Panther quartz

pbpb
Posted:
in macOS edited January 2014
I have just read Apple's MacOS X feature comparison page and I noticed something that has not been discussed, I think. According to this page, Panther's Quartz engine has two features not present in Jaguar: hardware accelerated imaging and OpenGL fragment and shader programming. Could someone explain what this means for the OS and the user experience?



Thanks,

PB

Comments

  • Reply 1 of 7
    First off good find! I like that page. Second off the simple answer is 'Graphical Candy' but the longer answer will have to come from a 'pro'. Takers anybody?
  • Reply 2 of 7
    pbg4 dudepbg4 dude Posts: 1,611member
    Quote:

    Graceful file server disconnect



    This is a nice way of saying "Won't lock up if a network share disappears".
  • Reply 3 of 7
    programmerprogrammer Posts: 3,458member
    Quote:

    Python Quartz scripting



    Interesting...





    Quote:

    OpenGL fragment and shader programming



    Not sure exactly what they mean because Jaguar has support for this too. This is listed under "Quartz: Display Graphics" not "Quartz 2D" so I wouldn't read to much into it being labelled Quartz, that's just where they put all of the non-2D features.



    Quote:

    Hardware accelerated imaging



    This is interesting as well, and probably connected to the Python thing above. Sounds like they've added some cool APIs for accelerating image processing. Writing Photoshop competitors probably just got easier.
  • Reply 4 of 7
    pbpb Posts: 4,255member
    Quote:

    Originally posted by Programmer

    Python Quartz scripting



    Could it be related to "Scriptable Image Processing Service" under "Quartz 2D Graphics"?
  • Reply 5 of 7
    smirclesmircle Posts: 1,035member
    Programmable shaders are a thing that originated in 3D games. They are basically micro programs that get uploaded to the superfast render unit in modern graphics cards and called whenever a game applies a shadow, lighting effect or gradient. When called, they transform pixel values much more flexible than static texture and lighting units can.

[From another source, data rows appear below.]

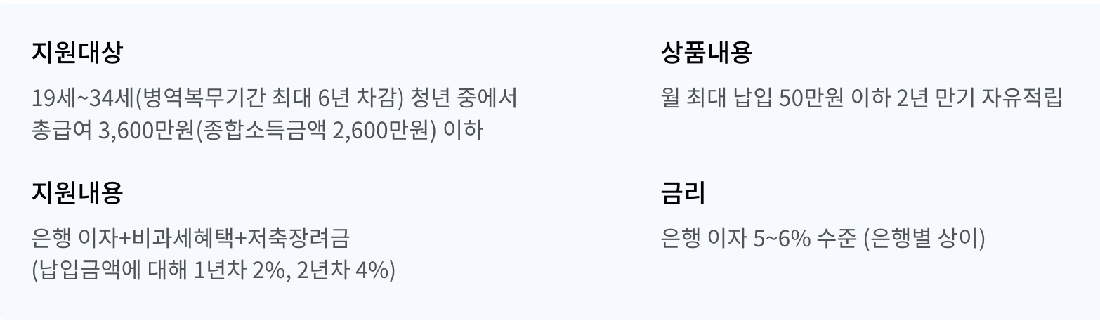 - 목적: 19~34세 청년의 목돈 형성을 위해 정부와 은행이 지원하는 2년 만기 자유적립 적금
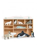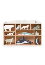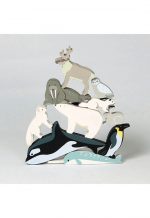 Our endangered animals from the two frozen poles.Presented in a shelving unit, solid wood animals — orca, narwhal, snow hare, arctic fox, king penguin, owl, white stoat, walrus, an elk and of course a polar bear.
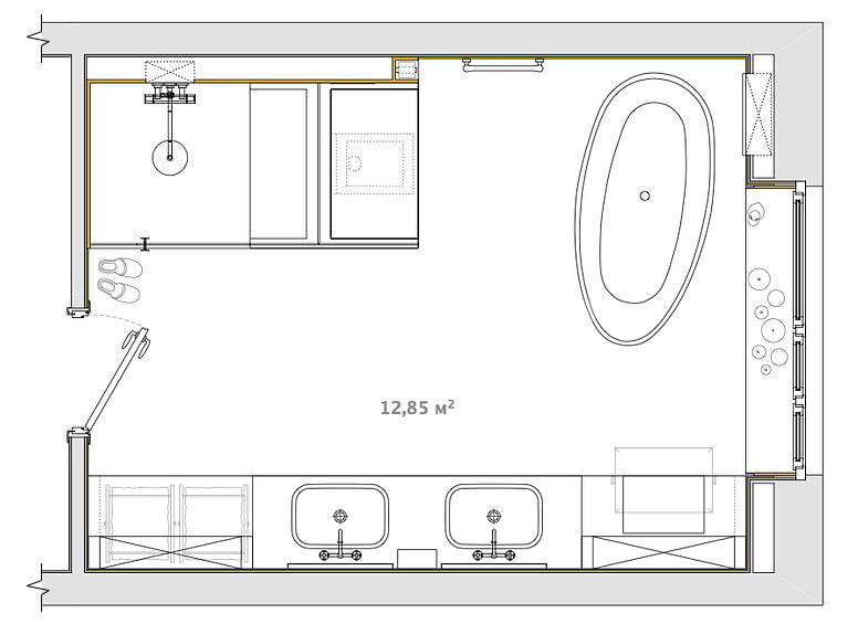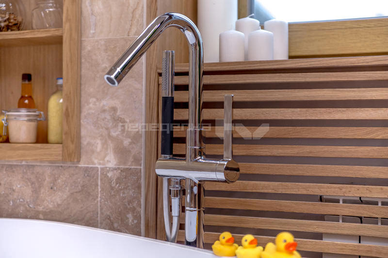 Two shower heads - one stationary and the other on a flexible hose - allow you to take your hygiene procedures with maximum comfort. Even the faucets here are not ordinary, but thermostatic: random surges in pressure, pouring over users with hot or cold water, in this case will not be felt.
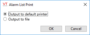 While viewing the alarm page, click the printer icon. The full list of alarms will be included. Note that you may limit this using filters for the alarm list. The prompt dialog will ask you for a destination for the output.
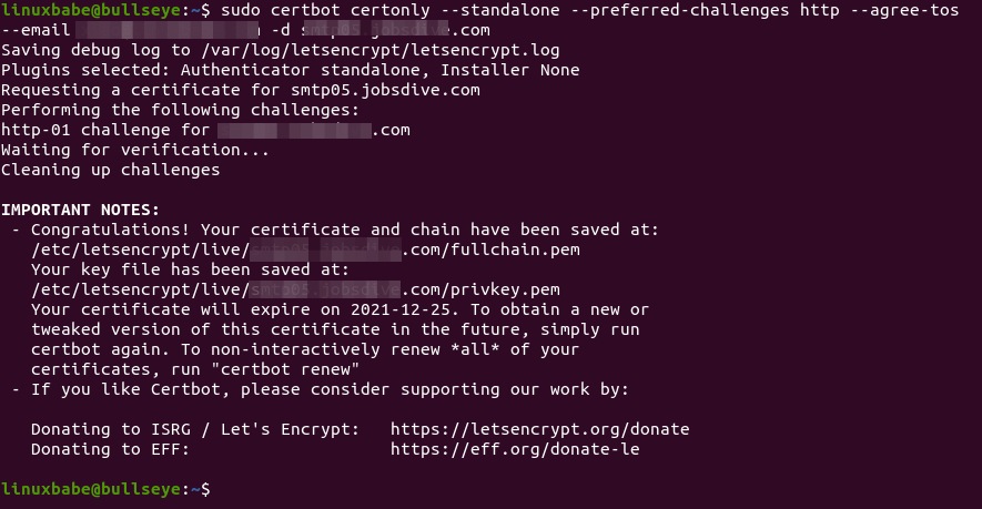 If your Debian 11 Bullseye server has a web server listening on port 80 and 443, then it’s a good idea to use the webroot plugin to obtain a certificate because the webroot plugin works with pretty much every web server and we don’t need to install the certificate in the web server.

    They are one hot topic in the race between NVidia and ATI and in the race between OpenGL and DirectX. Only the latest crop of ATI cards is able to really use them to a larger extend, but for non-realtime effects, OpenGL allows you to run them on the main CPU.



    Since it is part of Quartz, this could be used by any application, not just the OS. I am not a 3D expert, but ideas that come to mind:

    - textured window shadows

    - animated textured widgets

    - visualizers

    - Final Cut et al could eventually use it for fade-in/fade-out and gfx effects.



    The bad news: if Apple should use them in the OS to any larger extend, most current gfx-cards will be left out (or rather slow).
  • Reply 6 of 7
    moogsmoogs Posts: 4,296member
    I agree: nice find, PB!



    I also found the "Graceful Disconnect" item humorous. The marketing dorks obviously had a big hand in creating this document.



  • Reply 7 of 7
    Quartz accelerated imaging: Could this a reference to the vimage library they released a few months back. This is a library of imaging routines that make heavy use of Altivec vector processor.